The Metropolitan Opera’s revival of Carmen began with a bit of drama Thursday night when tenor Rafael Davila replaced Marcelo Álvarez in the role of Don José at the last minute. The tenor, debuting at the house, was announced as a replacement from the stage. (Earlier in the week came the news that Clémentine Margaine—also making her Met debut—would jump in for Sophie Koch in the title role.) 

Considering the spur-of-the-moment nature of the situation, Davila’s performance was forgivably a bit wooden. As Don José, he didn’t whip up the sexual frenzy and jealousy one might expect, causing his character’s choices to seem erratic and almost psychopathic in his chilly delivery. (Depending on your reading of the opera, this can either be good or bad.) Davila’s tenor, however, has a rich baritonal quality in the middle, that, when pushed up past the passaggio, could sound forceful and robust. That being said, his singing, especially during the first act duet with Micaëla, was sometimes shaky in its delivery, and the tenor suffered from intonation problems throughout.

Margaine, given a bit more time to prepare for her performance, fared much better in the title role. Her Carmen oscillated expertly between icy indifference and immature insecurity with natural ease. But more importantly, her depiction of the Romani factory worker was fully embodied, generating a wide spectrum of affect. Where a lesser actress might allow the character to exist on a superficial plane, a caricature of patriarchal anxiety, Margaine endowed her Carmen with a real personality. And her voice is a stellar instrument: dark and cool, steady like a laser beam, with a vitality that outshines her colleagues.

Maria Agresta, as Micaëla, brought an appropriately naïve dimension to the stage, serving as a clear foil to the vastly more intriguing Carmen. Her soprano was a warm, voluptuous counterpoint to Margaine’s edgier mezzo. And as Escamillo, bass Kyle Ketelsen offered a virile, steady sound that evinced the character’s sexual superiority to the impotent Don José.

Sir Richard Eyre’s staging remains resolutely un-provocative, the one major departure being his re-contextualization of the narrative within the 1930s. With short, clichéd ballets beginning the first and third act, this production does not engage the thornier questions of race and sexual oppression that permeate the opera. For example, the Romani people are shown with all the expected stereotypes, clapping and stomping like a stage-show at Disney World.

But, what is more depressing is the manner in which the slut shaming of Carmen is taken as a given, her violent end the result of a teleology rooted in patriarchal assumptions. Eyre’s Carmen doesn’t push back against these conventions forcefully enough—though, to her credit, Margaine does her best to play Carmen as a three-dimensional figure).
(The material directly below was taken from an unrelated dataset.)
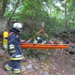 Nachdem die verschüttete Person im Laufe der Übung gefunden wurde, konnten die beiden PA- Trupps die Person mit Hilfe einer Schleifkorbtrage aus dem Bunker herausbringen. Dabei wurden die Trupps durch die im Bunker befindlichen Hindernisse besonders gefordert. Um anschließend einen möglichst schonenden Abtransport der Person innerhalb des unwegsamen Geländes zu gewährleisten, wurde die Person in der Schleifkorbtrage liegend mittels der Seilbahn gerettet.
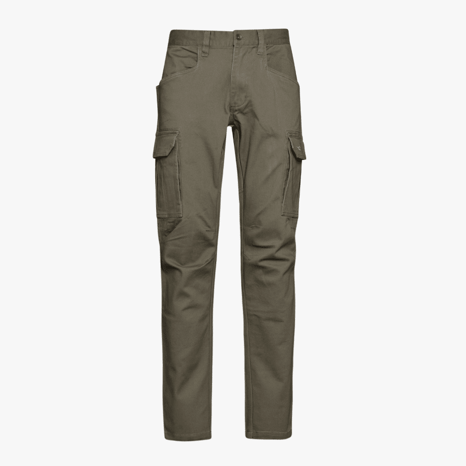 Pantalone cargo sette tasche: due tasche aperte frontali, tasconi laterali, due tasche aperte posteriori con bottone a pressione e taschino portametro. Vestibilità asciutta, ginocchio ergonomico. Capo lavato e tessuto mano calda. Toppa di rinforzo sul cavallo posteriore. Vestibilità asciutta, ginocchio ergonomico.

Instead, Carmen is the spitting, open-legged she-devil we have all come to expect, Don José’s tragic flaw in a black dress.

But, perhaps these concerns are made inescapable by the very nature of the opera. To use a ubiquitous buzzword, Carmen is truly problematic in terms of its sexual and racial politics. A traditional reading of the text produces sympathy for Don José, and Carmen is understood as the femme fatale who unravels his life. To quote the Met’s program notes for the evening: “…the heroine is the villain.” As traditional wisdom will tell you, Carmen is a bad girl, who does bad things—one of which is to corrupt the unsullied Don José.

However, I believe that Carmen, the racialized and sexualized other, operates more as an escape for Don José’s ruling-class anxieties. Where Carmen is often read as Don José’s undoing, it is more realistic to position Carmen as a door through which he eludes the pressures of bourgeois values. And when Carmen fails to give him the satisfaction he seems to crave, he turns on her, a petulant toddler throwing a temper tantrum.

At the end of the fourth act, as Don José stabs Carmen—for simply refusing to return his obsessive love—something in my stomach lurches. The act, a forceful, indecent penetration, seems tantamount to rape: when Don José is not given what he wants, he takes it instead. The moment rings all-too familiar for me, so much a part of our current discourse on sex and privilege. Once again we are presented with the violated body of a woman of color.

I do not sympathize with Don José. He’s not my tragic hero, just as Donald Trump is not my president. As I write this on Friday, thousands of women are gathering to march on Washington to protest our new leader—a man who indiscriminately takes what he wants, when he wants, grabbing it without much care for the persons violated. I am sure, like Don José, he would gladly place the responsibility on his many nameless Carmens, never acknowledging his own agency.

For me, Carmen is a tragedy for Carmen and Carmen alone. How to present the opera that way is a difficult question to address.